• What to work on: The copy you return must match the listing word for word and carry no pictures.

• Material for this task:
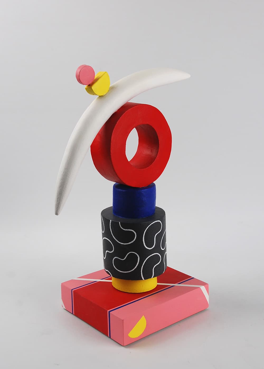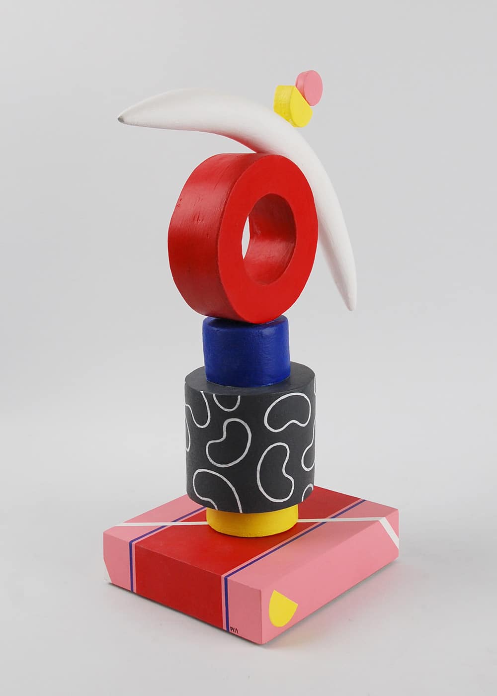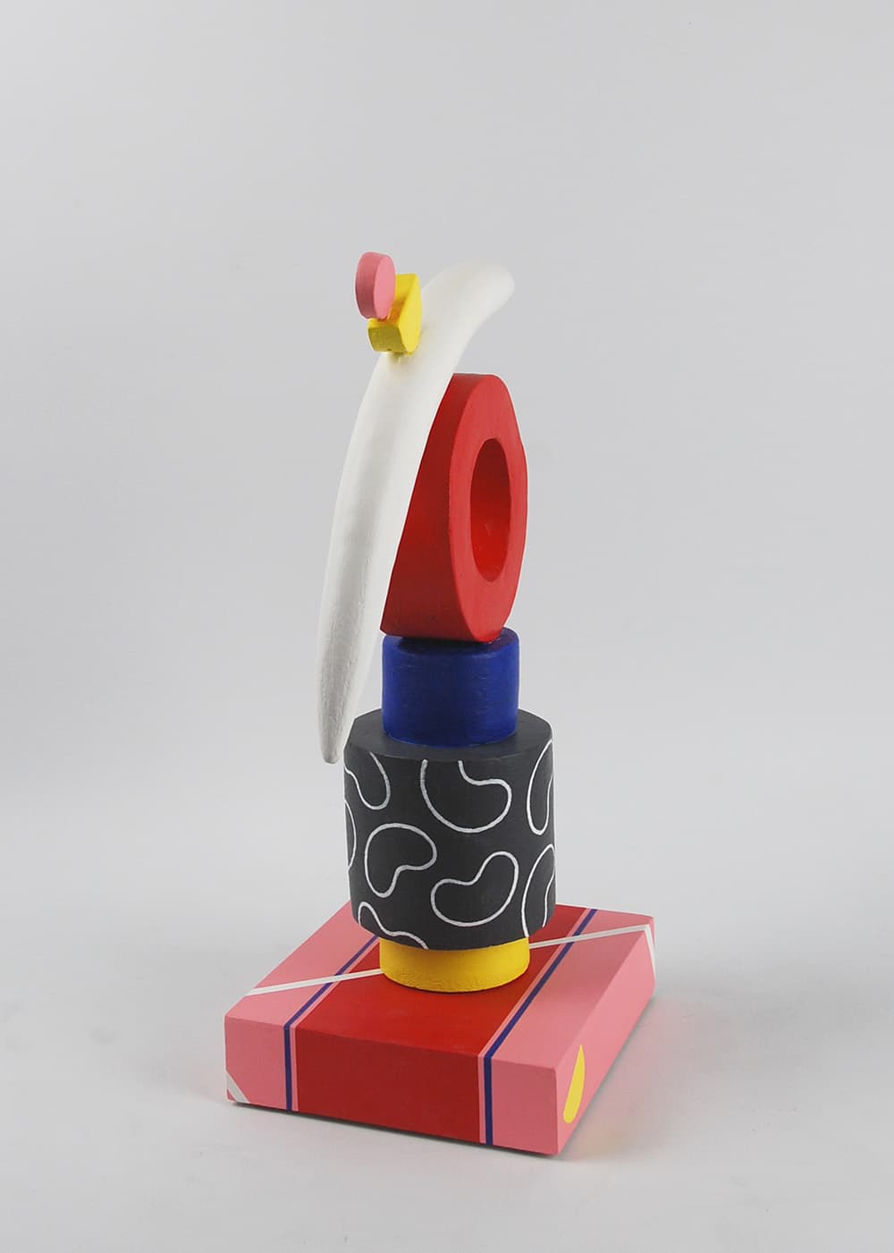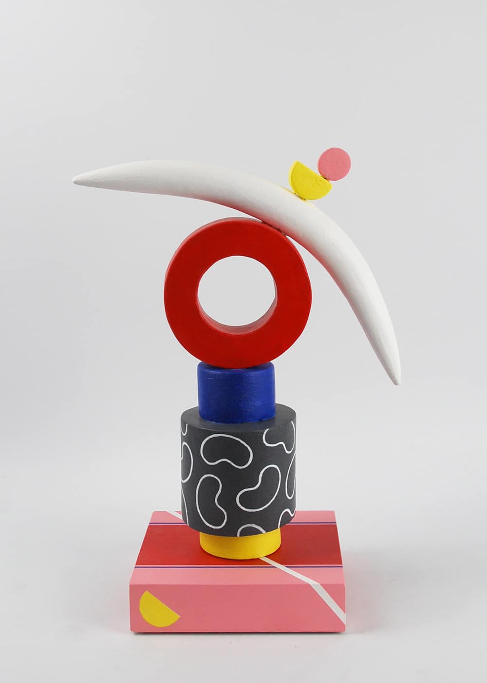 En s’inspirant de la tradition américaine de la céramique peinte (‘painted fired clay’), Patricia peint ensuite ses sculptures avec la peinture acrylique, choisissant la combinaison des couleurs de façon intuitive et subjective mais en même temps très réfléchie. Les couleurs utilisées, intenses et vibrantes, emphatisent les formes de la sculpture, les équilibres et les contrastes entre puissance et fragilité, stabilité et oscillation, poids et légèreté. Elles suggèrent ainsi des idées aux observateurs, telles que la tranquillité, le conflit ou encore le sens de mouvement.
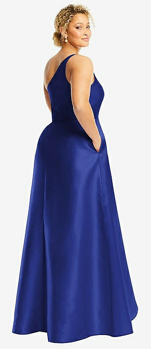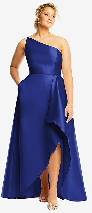 One-Shoulder Satin Gown with Draped Front Slit and Pockets in cobalt blue
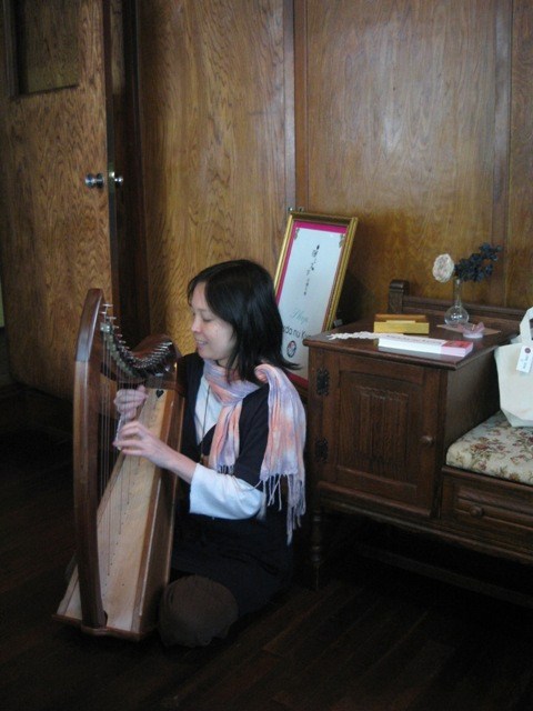 今朝は錺屋でハープの演奏を聞かせていただきました。
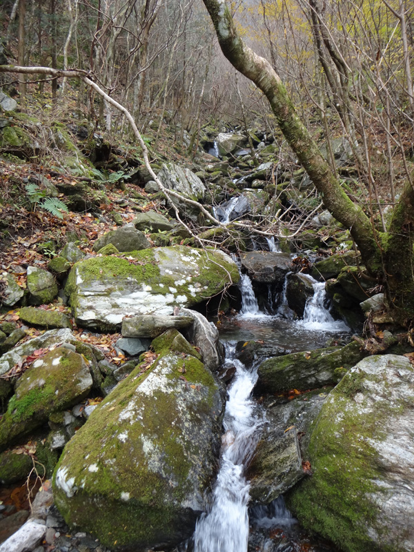 小さな沢をいくつか越えて、峨蔵越まで到着。 なんだあ今日、ものすごい疲れる… 車から、まだ3時間ほどしか歩いていないのにクタクタ。 しかもメチャメチャ喉も乾く。 もう700mlほど飲んでしまった。 水分はお茶が2Lと、水が500ml。 このペースで消費していったら足りないかもしれない…
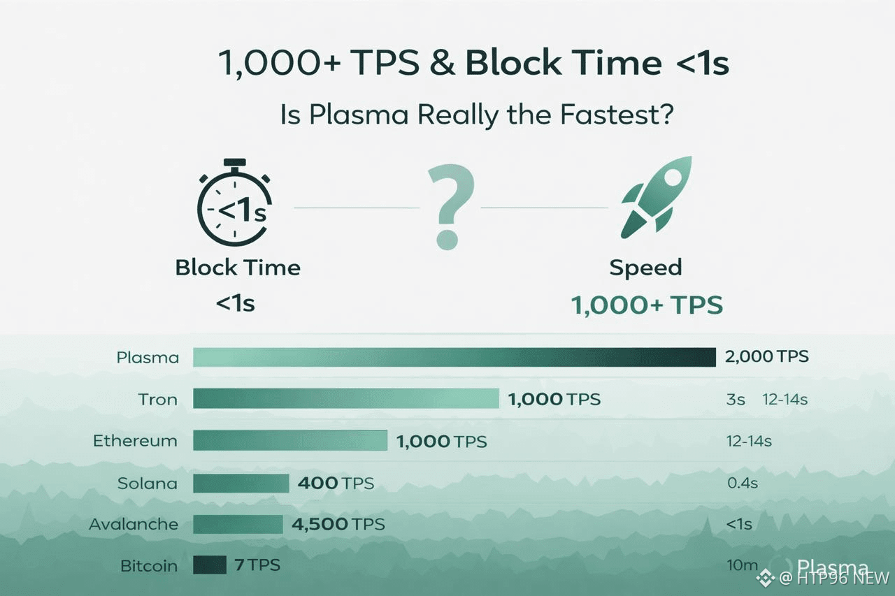 Hello anh em tính đi ngủ nhưng thôi viết bài này xong rôi mới ngủ lúc mình đọc con số “1000+ TPS, block time dưới 1 giây” của Plasma và phản xạ đầu tiên không phải là ấn tượng, mà là nghi ngờ. Không phải vì nó quá cao, mà vì mình đã thấy quá nhiều chain tự gọi mình là “nhanh nhất”.
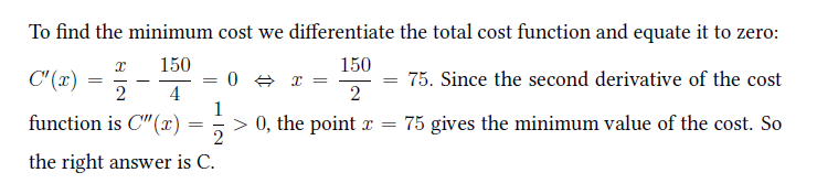 The first derivative must be equal to zero and the second derivative must be positive for a minimum value of a function. Thus:
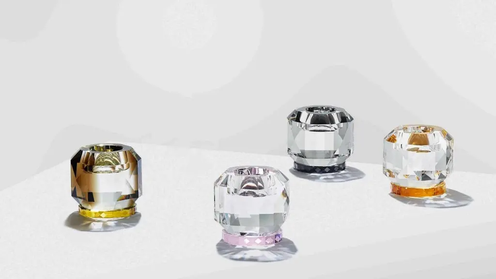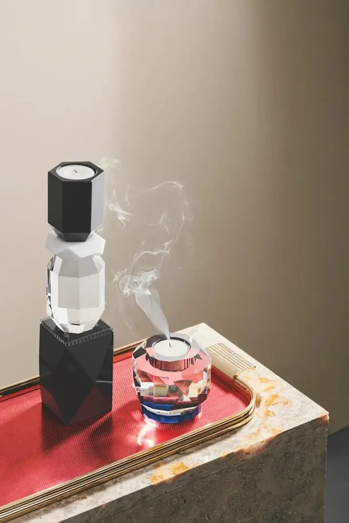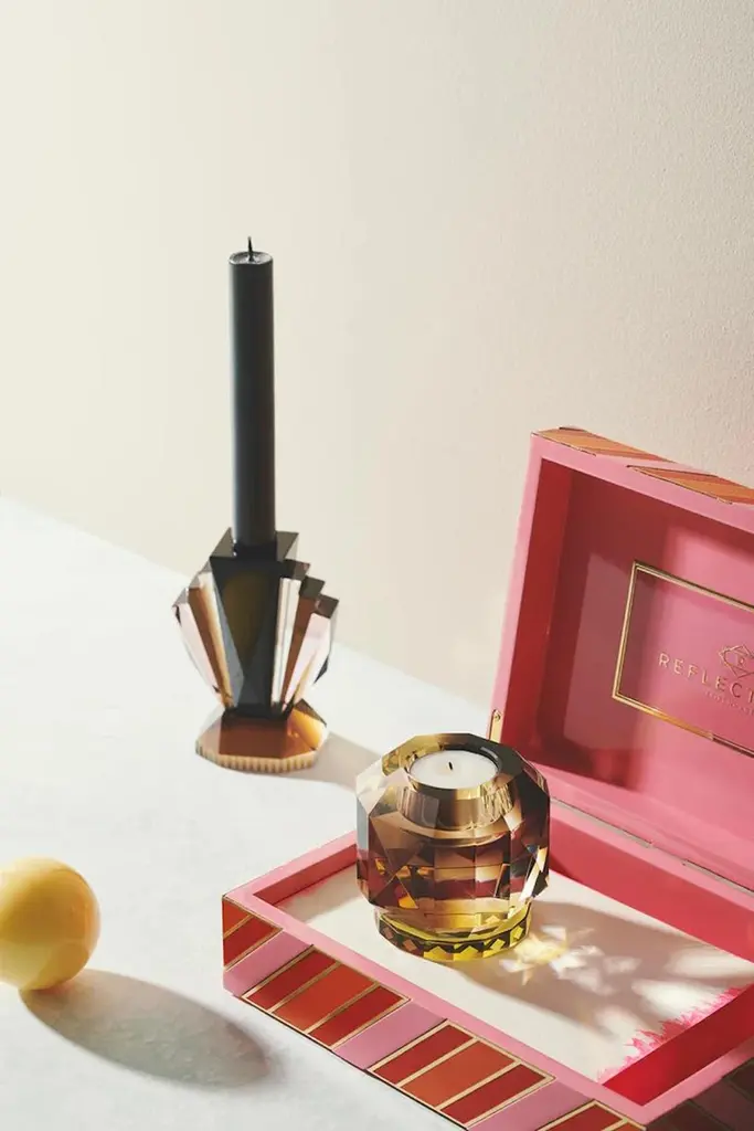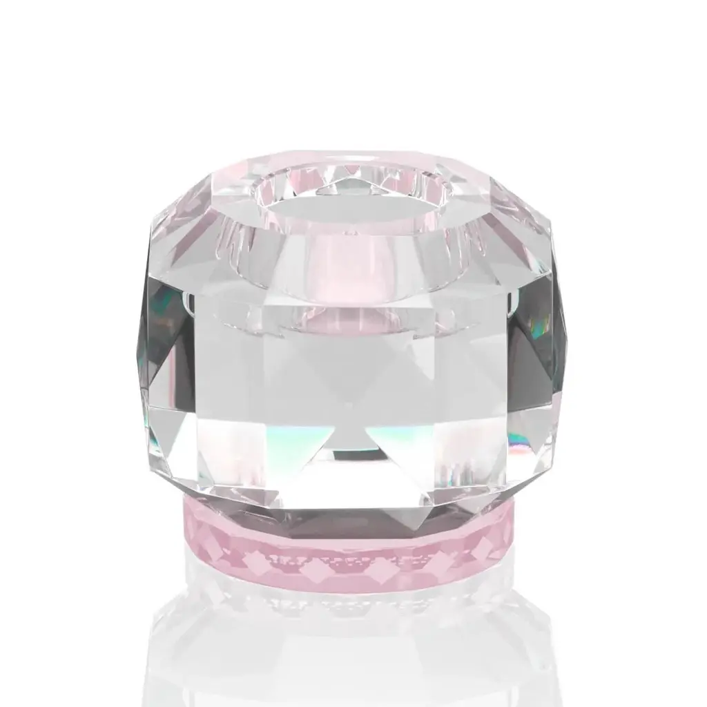 Crystal candleholder available in four colours: Transparent/Brown/Yellow, Transparent/Amber, Transparent/Pink and Transparent/Black. Strategically placed, the crystal candleholders become dazzling elements that capture the attention of your guests. Estimated production time: 2 to 6 weeksh: 8cm, w: 9cm, d: 9cm
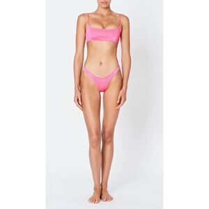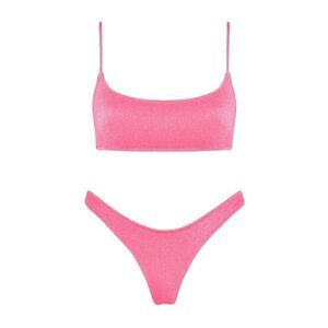 A scoop crop bikini top in pink lurex sparkle with matching bottoms. Strappy crop top with adjustable shoulder straps and back clasp fastening. CHEEKY cut bottom.
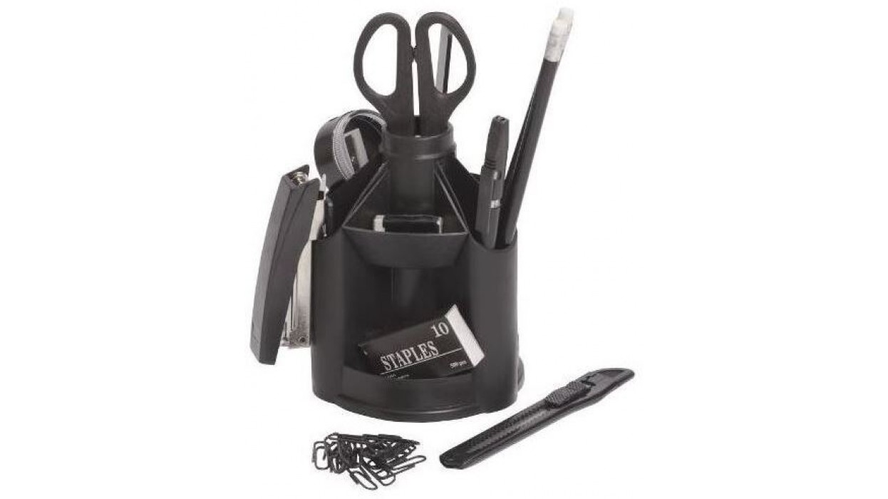 Настольный набор-органайзер, 13 предметов (шариковая ручка - 1 шт., карандаш с ластиком - 2 шт., ножницы, нож, линейка, точилка, степлер №10, скобы №10 - 500 шт., скрепки, кнопки-гвоздики, ластик, подставка), черный, вращающийся на 360 градусов.
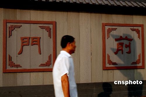 7月20日,一名市民從古風古韻的前門大街圍墻前走過。據工作人員介紹,從明正統年間至今,已經有570年歷史的前門大街第五次大規模更新日前已修繕完畢,有望8月1日正式對社會開放。
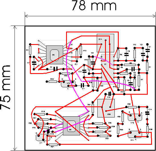Таблица составлена таким образом, чтобы обеспечить минимальные переключения при переходе 1200/ 4800. На скоростях 300/600/1200/2400 Бод модем работает в типовом канале тональной частоты, на скорости 4800 Бод - в нестандартном канале тональной частоты (удвоенной ширины). ГУН передатчика выполнен на микросхеме D1.4. Его выходной сигнал поступает на кольцевой счетчик. Кольцевой счетчик выполняет функции формирования ступенчатого синусоидального сигнала, модулированного по частоте с непрерывной фазой (16-ступенчатая синусоида без разрыва фазы на выходе резистивного сумматора). Спектр выходного сигнала, полученного таким образом, имеет минимальную ширину и равен 1,15 от полосы девиации. ГУН работает на частоте в 16 раз выше частот девиации, указанных в таблице, и управляется входным цифровым потоком. На транзисторах VT3 и VT4 выполнены элементы шунтирования выходного сигнал' и управление включением передатчика. На элементах VD1, VD3, VBW'eor брана схема паразитного питания от RS232 компьютера, а на микросхеме DD4 - стабилизатор напряжения 5 В. Светодиод VD1 (АЛ107А) является индикатором зависания порта RS232, индикатором работы приема и передачи. Индикация осуществляется на основе частичного изменения светимости диода. Имеются следующие режимы индикации. Если программа выгружена из ОЗУ, а индикатор горит, значит завис порт. Общее свечение означает, что модем работает, и загружена в ОЗУ резидентная программа TNC. При передаче яркость свечения диода VD1 уменьшается на 50%, а при приеме - на 30%. Изменяя параметры сопротивлений R11, R12, R24 плавно или дискретно с помощью переключателей, легко получить необходимые скорости передачи в обычном канале тональной частоты или в канале удвоенной ширины. Для получения пяти скоростей эти сопротивления можно выполнить в виде линейки из трех по пять сопротивлений, установленных на навесном переключателе или на плате. Наиболее удобно выполнить ряд этих сопротивлений на основе сопротивлений СП 19-1. Неточность установки номиналов частот 20% существенного влияния на работу схемы нс оказывает. Уменьшение значения емкости конденсатора С8 в два раза дает удвоенную полосу пропускания. Конструкция модема может быть следующей. Модем выполняется на двусторонней плате шириной 75 мм и длиной 78 мм. Плата впаивается в торцы двух разъемов 25 pin. Корпус имеет П-образную форму и накрывает по высоте и длине на 3 мм разъемы. Нижняя плоская часть корпуса вставляется между упорными фланцами разъемов. Крепление корпуса осуществляется без винтов за счет защелок снизу в боковины П-образного корпуса. Переключатели и переменные сопротивления устанавливаются с нижней стороны платы. Для доступа к ним предусматриваются отверстия в нижней плоской части корпуса. РКК "Энергия", Публикация: Н. Большаков, rf.atnn.ru

• Reply to the exercise:
 En s’inspirant de la tradition américaine de la céramique peinte (‘painted fired clay’), Patricia peint ensuite ses sculptures avec la peinture acrylique, choisissant la combinaison des couleurs de façon intuitive et subjective mais en même temps très réfléchie. Les couleurs utilisées, intenses et vibrantes, emphatisent les formes de la sculpture, les équilibres et les contrastes entre puissance et fragilité, stabilité et oscillation, poids et légèreté. Elles suggèrent ainsi des idées aux observateurs, telles que la tranquillité, le conflit ou encore le sens de mouvement.
 One-Shoulder Satin Gown with Draped Front Slit and Pockets in cobalt blue
 今朝は錺屋でハープの演奏を聞かせていただきました。
 小さな沢をいくつか越えて、峨蔵越まで到着。 なんだあ今日、ものすごい疲れる… 車から、まだ3時間ほどしか歩いていないのにクタクタ。 しかもメチャメチャ喉も乾く。 もう700mlほど飲んでしまった。 水分はお茶が2Lと、水が500ml。 このペースで消費していったら足りないかもしれない…
 Hello anh em tính đi ngủ nhưng thôi viết bài này xong rôi mới ngủ lúc mình đọc con số “1000+ TPS, block time dưới 1 giây” của Plasma và phản xạ đầu tiên không phải là ấn tượng, mà là nghi ngờ. Không phải vì nó quá cao, mà vì mình đã thấy quá nhiều chain tự gọi mình là “nhanh nhất”.
 The first derivative must be equal to zero and the second derivative must be positive for a minimum value of a function. Thus:
 Crystal candleholder available in four colours: Transparent/Brown/Yellow, Transparent/Amber, Transparent/Pink and Transparent/Black. Strategically placed, the crystal candleholders become dazzling elements that capture the attention of your guests. Estimated production time: 2 to 6 weeksh: 8cm, w: 9cm, d: 9cm
 A scoop crop bikini top in pink lurex sparkle with matching bottoms. Strappy crop top with adjustable shoulder straps and back clasp fastening. CHEEKY cut bottom.
 Настольный набор-органайзер, 13 предметов (шариковая ручка - 1 шт., карандаш с ластиком - 2 шт., ножницы, нож, линейка, точилка, степлер №10, скобы №10 - 500 шт., скрепки, кнопки-гвоздики, ластик, подставка), черный, вращающийся на 360 градусов.
 7月20日,一名市民從古風古韻的前門大街圍墻前走過。據工作人員介紹,從明正統年間至今,已經有570年歷史的前門大街第五次大規模更新日前已修繕完畢,有望8月1日正式對社會開放。
Таблица составлена таким образом, чтобы обеспечить минимальные переключения при переходе 1200/ 4800. На скоростях 300/600/1200/2400 Бод модем работает в типовом канале тональной частоты, на скорости 4800 Бод - в нестандартном канале тональной частоты (удвоенной ширины). ГУН передатчика выполнен на микросхеме D1.4. Его выходной сигнал поступает на кольцевой счетчик. Кольцевой счетчик выполняет функции формирования ступенчатого синусоидального сигнала, модулированного по частоте с непрерывной фазой (16-ступенчатая синусоида без разрыва фазы на выходе резистивного сумматора). Спектр выходного сигнала, полученного таким образом, имеет минимальную ширину и равен 1,15 от полосы девиации. ГУН работает на частоте в 16 раз выше частот девиации, указанных в таблице, и управляется входным цифровым потоком. На транзисторах VT3 и VT4 выполнены элементы шунтирования выходного сигнал' и управление включением передатчика. На элементах VD1, VD3, VBW'eor брана схема паразитного питания от RS232 компьютера, а на микросхеме DD4 - стабилизатор напряжения 5 В. Светодиод VD1 (АЛ107А) является индикатором зависания порта RS232, индикатором работы приема и передачи. Индикация осуществляется на основе частичного изменения светимости диода. Имеются следующие режимы индикации. Если программа выгружена из ОЗУ, а индикатор горит, значит завис порт. Общее свечение означает, что модем работает, и загружена в ОЗУ резидентная программа TNC. При передаче яркость свечения диода VD1 уменьшается на 50%, а при приеме - на 30%. Изменяя параметры сопротивлений R11, R12, R24 плавно или дискретно с помощью переключателей, легко получить необходимые скорости передачи в обычном канале тональной частоты или в канале удвоенной ширины. Для получения пяти скоростей эти сопротивления можно выполнить в виде линейки из трех по пять сопротивлений, установленных на навесном переключателе или на плате. Наиболее удобно выполнить ряд этих сопротивлений на основе сопротивлений СП 19-1. Неточность установки номиналов частот 20% существенного влияния на работу схемы нс оказывает. Уменьшение значения емкости конденсатора С8 в два раза дает удвоенную полосу пропускания. Конструкция модема может быть следующей. Модем выполняется на двусторонней плате шириной 75 мм и длиной 78 мм. Плата впаивается в торцы двух разъемов 25 pin. Корпус имеет П-образную форму и накрывает по высоте и длине на 3 мм разъемы. Нижняя плоская часть корпуса вставляется между упорными фланцами разъемов. Крепление корпуса осуществляется без винтов за счет защелок снизу в боковины П-образного корпуса. Переключатели и переменные сопротивления устанавливаются с нижней стороны платы. Для доступа к ним предусматриваются отверстия в нижней плоской части корпуса. РКК "Энергия", Публикация: Н. Большаков, rf.atnn.ru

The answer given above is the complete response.